• On November 13, The Fed, OCC, and CFPB announced dollar thresholds for smaller loan exemption from appraisal requirements for higher-priced mortgage loans and dollar thresholds for the applicability of truth in lending and consumer leasing rules for consumer credit and lease transactions. The 2024 threshold for whether higher-priced mortgage loans are subject to special appraisal requirements will increase from $31,000 to $32,400. Regulation Z (Truth in Lending) and Regulation M (Consumer Leasing) generally will apply to consumer credit transactions and consumer leases of $69,500 or less in 2024. However, private education loans and loans secured by real property, such as mortgages, are subject to Regulation Z (Truth in Lending) regardless of the amount of the loan.

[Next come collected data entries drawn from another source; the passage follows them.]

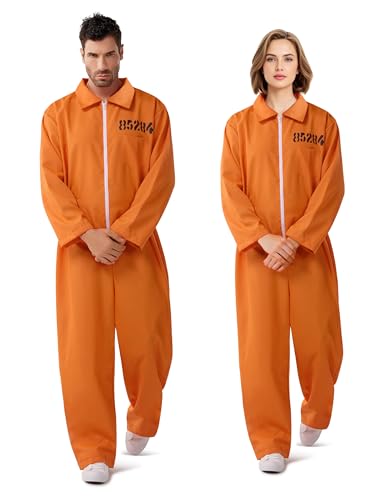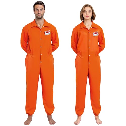 Dzorim Halloween fångoverall kostym herr häftade sparkdräkt orange fångad overall män kvinnor orange prison jumpsuit prisoner outfit kostym cosplay
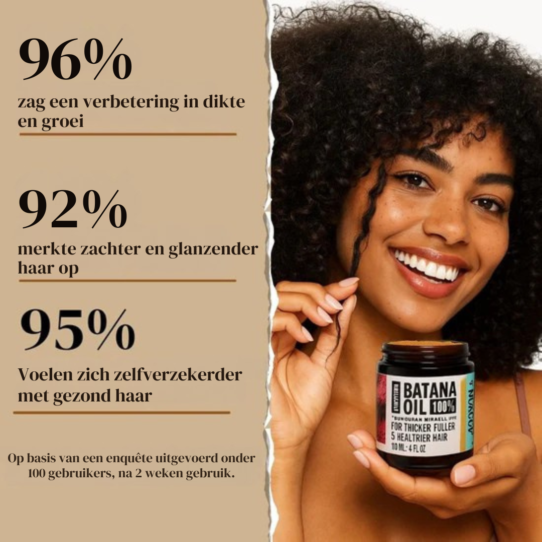 Met Batana Haar Olie herstel je de kracht en vitaliteit van je haar. Het voedt de haarwortels, stimuleert de groei en zorgt voor sterker, glanzender haar, zonder schadelijke chemicaliën.
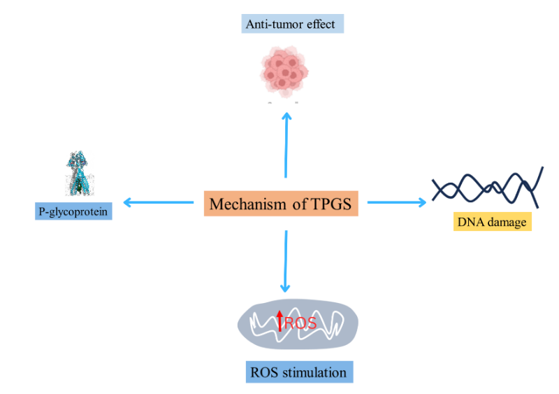 Figure 2. The effects of TPGS, including P-glycoprotein inhibition, ROS stimulation, DNA damage, and anti-tumor activity.

  • On November 15, acting Comptroller of the Currency Michael Hsu provided testimony and a written statement to the House Committee on Financial Services on regulatory priorities. Hsu stated that guarding against complacency by banks has been a priority since he took office in 2021. Doran Jones was not surprised to see risk management was of primary concern in his statement. “The OCC expects the banks we supervise to remain vigilant and stay ‘on the balls of their feet’ regarding risk management. Banks need to successfully manage traditional, ‘blocking-and-tackling’ risks, such as credit, liquidity, and interest rate risks, as well as prepare for emerging risks and tail risk events,” Hsu said.
  • On November 16, The OCC announced enforcement actions for November 2023. The actions included:
    • A Formal Agreement against Heritage Bank, NA of Spicer MN “for unsafe or unsound practices, including those relating to capital and strategic planning, timely and adequate credit review, ongoing monitoring of the credit portfolio, and liquidity risk management.”

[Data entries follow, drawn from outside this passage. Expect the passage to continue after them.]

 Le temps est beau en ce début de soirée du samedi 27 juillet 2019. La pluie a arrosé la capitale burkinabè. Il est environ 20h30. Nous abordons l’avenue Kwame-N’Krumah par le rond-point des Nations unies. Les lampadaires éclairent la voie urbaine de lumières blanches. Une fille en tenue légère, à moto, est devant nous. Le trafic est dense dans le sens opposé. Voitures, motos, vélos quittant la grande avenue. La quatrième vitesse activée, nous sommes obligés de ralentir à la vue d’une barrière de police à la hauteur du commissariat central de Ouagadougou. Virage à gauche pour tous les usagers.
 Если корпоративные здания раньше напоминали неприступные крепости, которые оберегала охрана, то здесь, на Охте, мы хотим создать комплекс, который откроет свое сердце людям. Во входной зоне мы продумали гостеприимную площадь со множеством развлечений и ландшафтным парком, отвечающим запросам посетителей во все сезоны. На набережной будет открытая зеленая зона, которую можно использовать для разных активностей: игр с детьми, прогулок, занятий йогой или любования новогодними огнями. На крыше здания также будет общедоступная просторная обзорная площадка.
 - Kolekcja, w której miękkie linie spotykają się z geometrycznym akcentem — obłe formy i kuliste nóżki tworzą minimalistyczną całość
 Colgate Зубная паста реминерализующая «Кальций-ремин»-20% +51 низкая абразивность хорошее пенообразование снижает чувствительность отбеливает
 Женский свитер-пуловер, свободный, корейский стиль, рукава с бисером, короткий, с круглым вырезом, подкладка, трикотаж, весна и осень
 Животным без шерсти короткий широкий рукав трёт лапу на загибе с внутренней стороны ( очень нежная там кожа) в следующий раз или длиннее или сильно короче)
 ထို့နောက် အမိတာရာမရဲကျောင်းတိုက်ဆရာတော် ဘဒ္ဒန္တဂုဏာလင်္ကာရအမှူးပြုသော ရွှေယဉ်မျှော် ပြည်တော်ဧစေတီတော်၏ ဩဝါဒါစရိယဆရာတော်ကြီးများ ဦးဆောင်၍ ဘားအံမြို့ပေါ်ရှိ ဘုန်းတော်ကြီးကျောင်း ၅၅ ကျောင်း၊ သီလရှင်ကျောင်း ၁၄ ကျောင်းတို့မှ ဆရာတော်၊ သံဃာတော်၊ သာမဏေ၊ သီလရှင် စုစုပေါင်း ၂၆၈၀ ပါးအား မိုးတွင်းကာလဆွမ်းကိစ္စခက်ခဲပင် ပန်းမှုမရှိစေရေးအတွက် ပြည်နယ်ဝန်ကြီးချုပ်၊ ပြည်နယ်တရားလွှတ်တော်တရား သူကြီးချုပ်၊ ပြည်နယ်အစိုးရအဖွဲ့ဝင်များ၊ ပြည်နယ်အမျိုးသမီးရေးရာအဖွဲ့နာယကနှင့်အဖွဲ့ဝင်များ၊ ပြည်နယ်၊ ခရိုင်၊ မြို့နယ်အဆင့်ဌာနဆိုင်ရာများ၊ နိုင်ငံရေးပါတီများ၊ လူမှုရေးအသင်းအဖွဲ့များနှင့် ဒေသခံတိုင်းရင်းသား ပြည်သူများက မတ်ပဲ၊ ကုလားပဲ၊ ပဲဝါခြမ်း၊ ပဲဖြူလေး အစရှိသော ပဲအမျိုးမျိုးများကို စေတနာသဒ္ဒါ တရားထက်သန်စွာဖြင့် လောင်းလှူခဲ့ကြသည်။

    • A Consent order against United Fidelity Bank, FSB, Evansville, IN “for engaging in unsafe or unsound practices, including those relating to corporate governance and enterprise risk management, credit underwriting and administration, liquidity risk management, and interest rate risk management.”

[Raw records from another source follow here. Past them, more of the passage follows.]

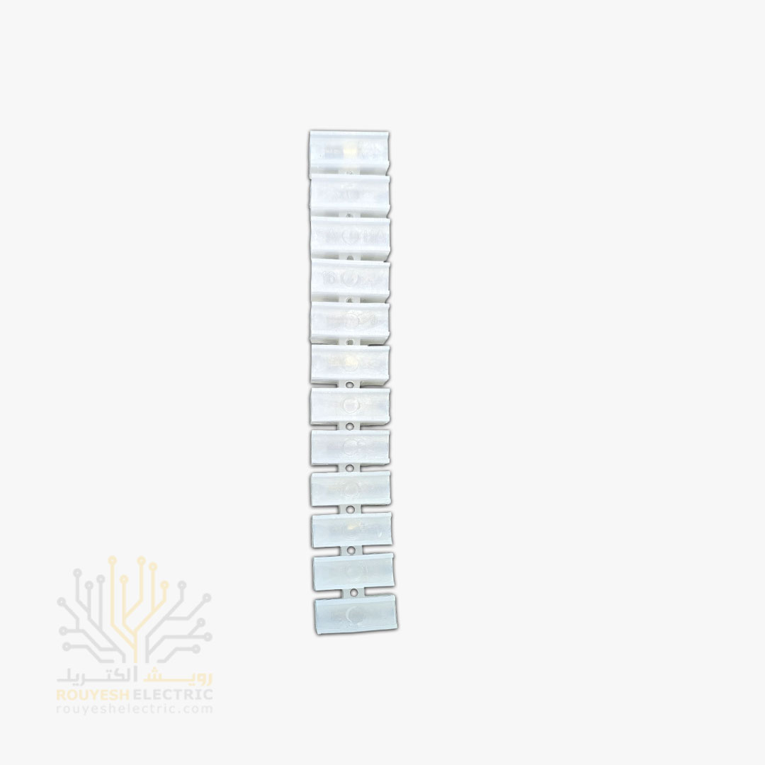 این ترمینال شکل مستطیلی داره و ظاهرش جمعوجور و خوشدسته. طولش حدود ۱۴.۵ سانته، عرضش ۲.۲ و ارتفاعش حدود ۲ سانت، یعنی نه خیلی بزرگه نه دستوپاگیر. بدنه از پلیاتیلن ساخته شده و چون بیرنگ و شفافه، داخلش و محل اتصال سیمها رو راحت میتونی ببینی. هر بسته شامل ۱۰ شاخهست که توی یه جعبه مقوایی مرتب بستهبندی شدن و هر کارتن هم ۲۰۰ بسته داره. کمترین مقدار سفارش ۱۰ شاخهست. این مدل ۱۲ تا سیمگیر داره که باعث میشه بتونی چند تا سیم رو خیلی مرتب و مطمئن به هم وصل کنی.
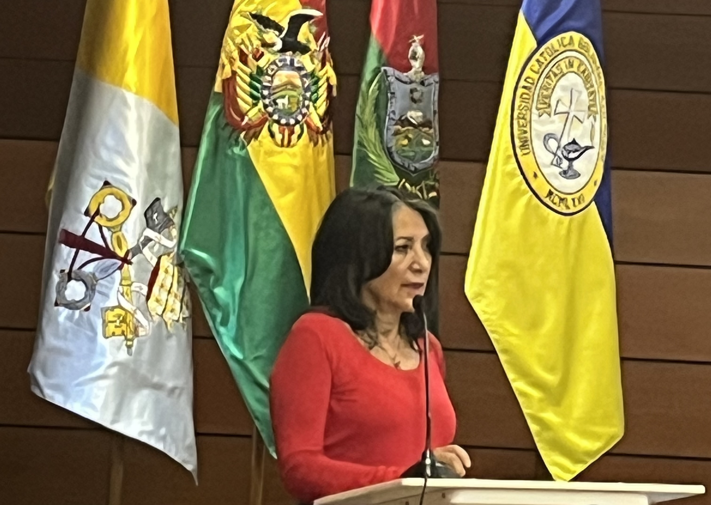 La rectora de Sede La Paz de la U.C.B., Ximena Peres, fue la encargada de cerrar la Cátedra y en su discurso afirmó que  las reflexiones de los panelistas representaron “un gran aprendizaje”.
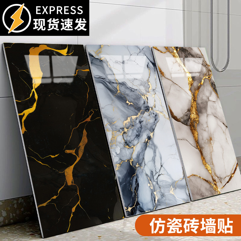 仿瓷砖墙贴厨房防污防油仿大理石自粘墙纸卫生间防水翻新遮丑贴纸
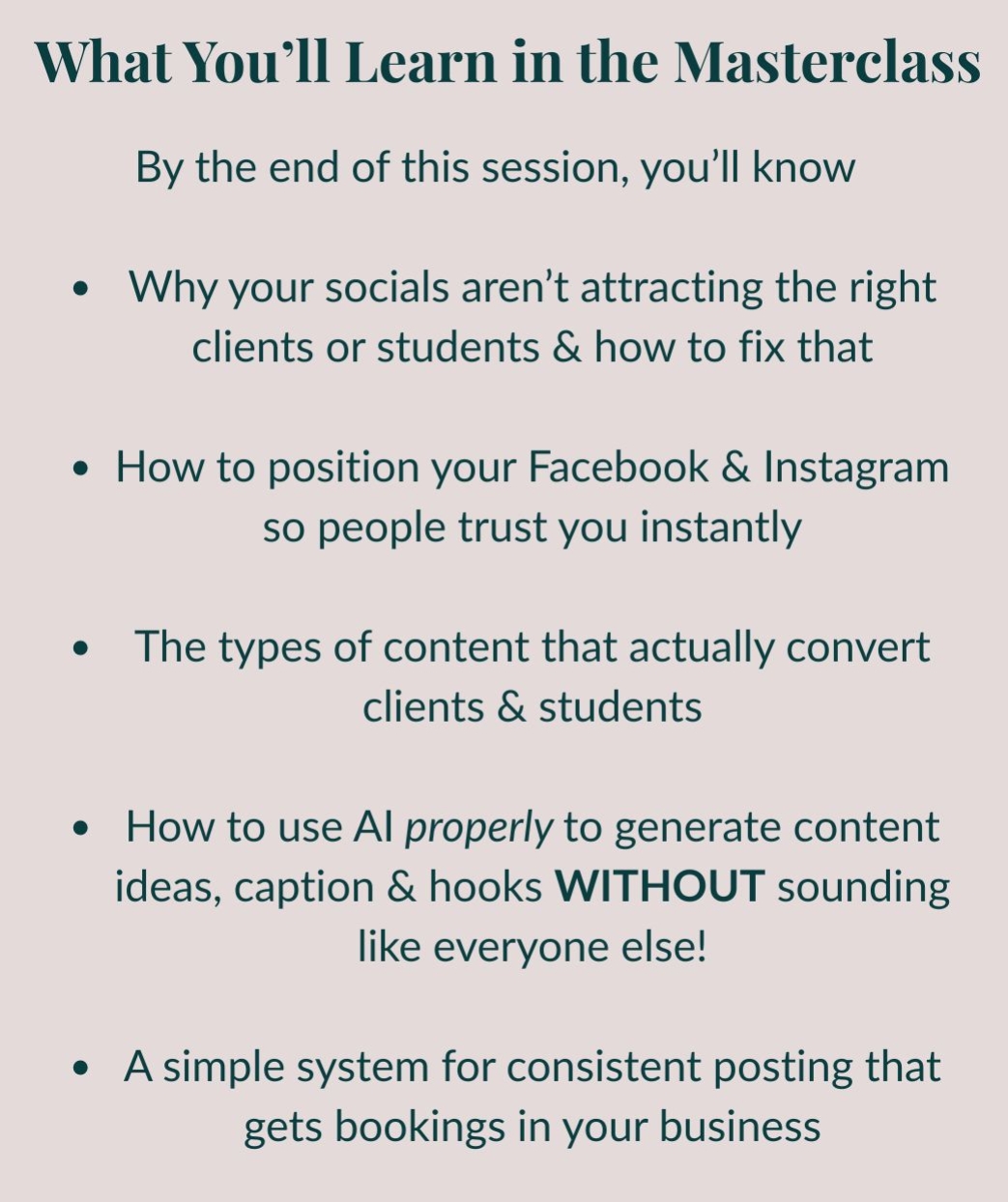 50 minute Masterclass with the exact strategies & content to get booked!

    • A Consent order against Vast Bank, NA, of Tulsa, OK “for engaging in unsafe or unsound practices, including those relating to capital ratios, capital and strategic planning, project management, books and records, liquidity risk management; interest rate risk management, information technology controls, risk management for new products, and custody account controls.”
  • On November 16, Federal Reserve Vice Chair for Supervision Michael Barr addressed the 2023 U.S. Treasury Market Conference and used the opportunity to emphasize the importance of interest rate risk management (see our series on Regulatory Expectations for Interest Rate Risk Management here). Speaking to a group of financial services professionals in New York City, Barr stated the “Federal Reserve supervisors have stepped up their supervision of interest rate and liquidity risk, given what we have learned from recent experience, and they will continue to work with banks to ensure their balance sheets are resilient to a variety of conditions.” He also stressed the importance of contingency funding, planning, and preparedness, stating, “banks don’t need to sell securities to gain liquidity value from them if they can borrow against them. But firms can face challenges in significantly ramping up funding in private markets, such as repo markets, particularly if they do not tap those markets regularly.”